- Assigned task -
With the pictures set aside, return the lines below exactly, beginning at the first and ending at the line containing "告発文書には、そう具体的な内".

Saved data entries
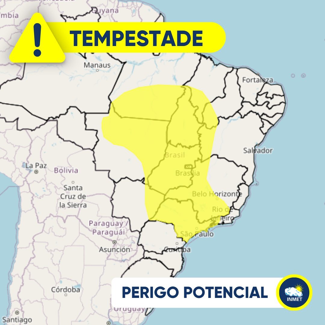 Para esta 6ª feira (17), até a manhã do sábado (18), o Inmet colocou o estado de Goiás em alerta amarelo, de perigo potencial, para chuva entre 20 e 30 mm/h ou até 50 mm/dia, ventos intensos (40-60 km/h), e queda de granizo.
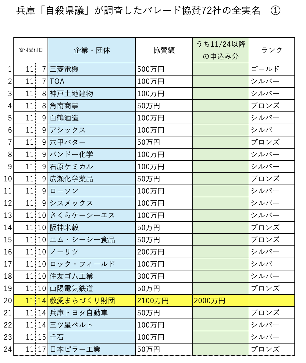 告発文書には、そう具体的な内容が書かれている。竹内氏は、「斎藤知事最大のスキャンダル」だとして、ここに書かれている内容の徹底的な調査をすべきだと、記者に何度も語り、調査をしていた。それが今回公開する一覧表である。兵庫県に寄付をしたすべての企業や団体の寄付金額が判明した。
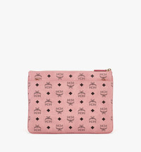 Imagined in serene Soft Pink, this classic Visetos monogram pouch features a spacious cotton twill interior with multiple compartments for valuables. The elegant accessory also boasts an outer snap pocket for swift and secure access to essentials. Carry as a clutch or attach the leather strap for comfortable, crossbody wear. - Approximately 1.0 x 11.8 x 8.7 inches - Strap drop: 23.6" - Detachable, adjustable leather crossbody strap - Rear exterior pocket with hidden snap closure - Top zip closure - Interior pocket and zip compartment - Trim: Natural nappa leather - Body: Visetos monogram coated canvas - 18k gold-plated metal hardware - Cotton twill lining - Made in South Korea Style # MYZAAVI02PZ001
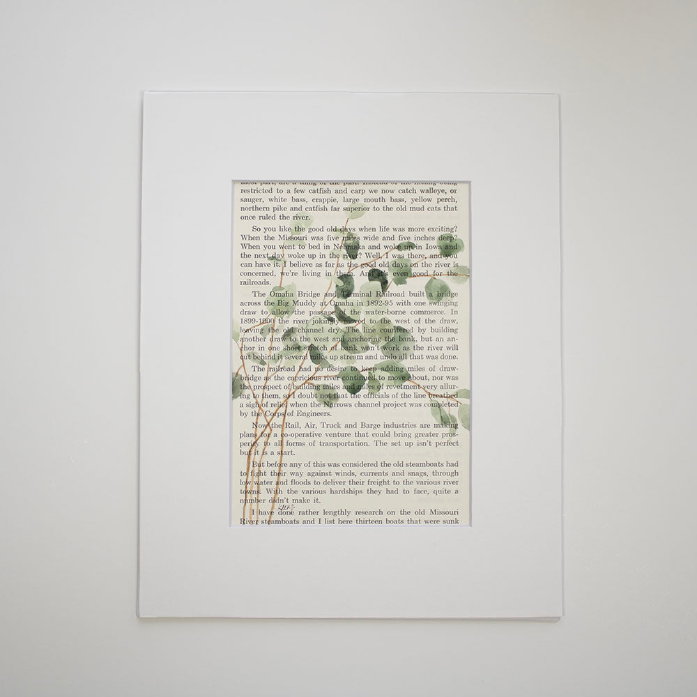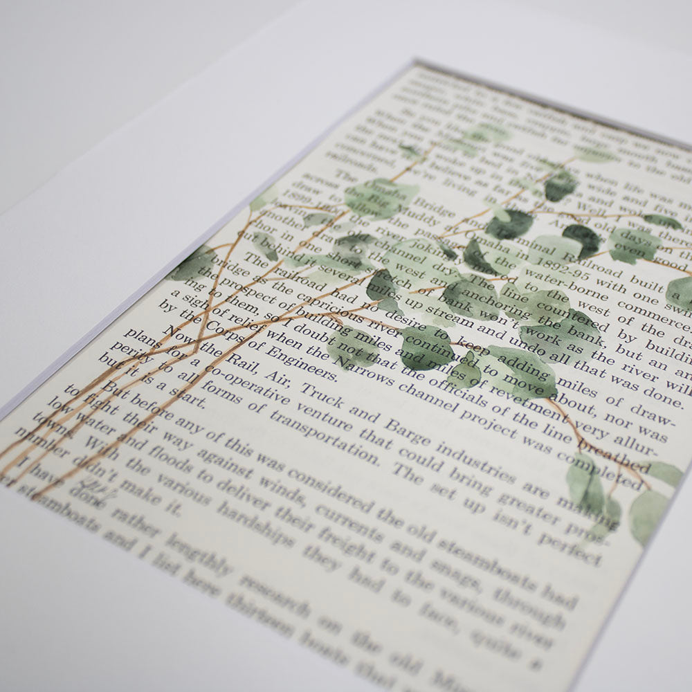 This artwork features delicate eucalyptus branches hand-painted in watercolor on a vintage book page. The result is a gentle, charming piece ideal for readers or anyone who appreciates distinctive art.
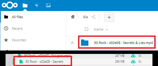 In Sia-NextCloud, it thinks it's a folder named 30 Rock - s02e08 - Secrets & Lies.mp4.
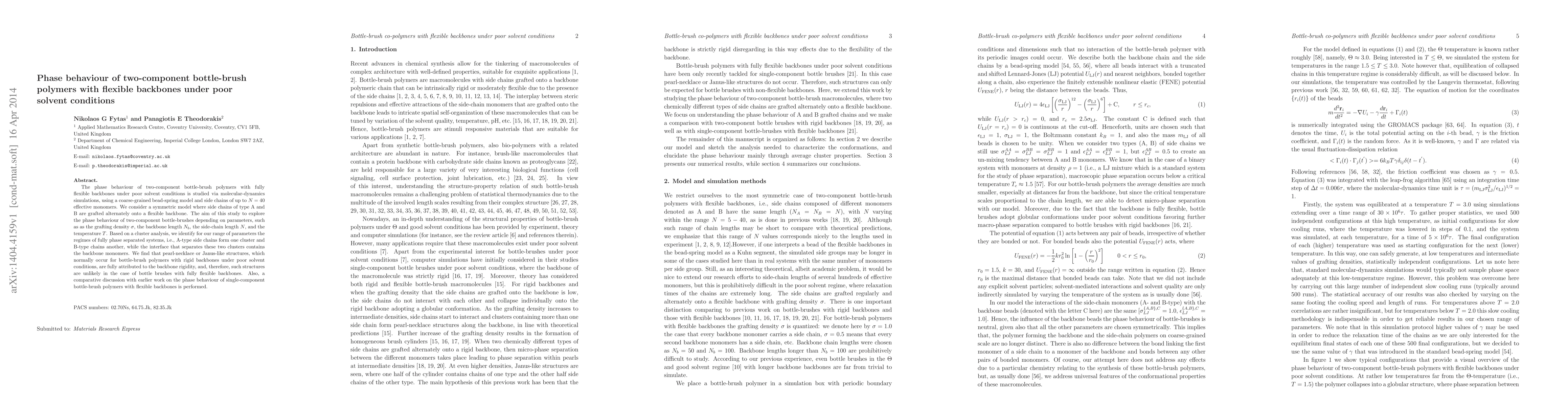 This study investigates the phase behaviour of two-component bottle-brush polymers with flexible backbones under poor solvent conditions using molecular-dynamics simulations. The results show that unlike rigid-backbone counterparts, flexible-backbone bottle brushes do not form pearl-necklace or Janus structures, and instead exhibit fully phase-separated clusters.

- Result of this task -
 Para esta 6ª feira (17), até a manhã do sábado (18), o Inmet colocou o estado de Goiás em alerta amarelo, de perigo potencial, para chuva entre 20 e 30 mm/h ou até 50 mm/dia, ventos intensos (40-60 km/h), e queda de granizo.
 告発文書には、そう具体的な内容が書かれている。竹内氏は、「斎藤知事最大のスキャンダル」だとして、ここに書かれている内容の徹底的な調査をすべきだと、記者に何度も語り、調査をしていた。それが今回公開する一覧表である。兵庫県に寄付をしたすべての企業や団体の寄付金額が判明した。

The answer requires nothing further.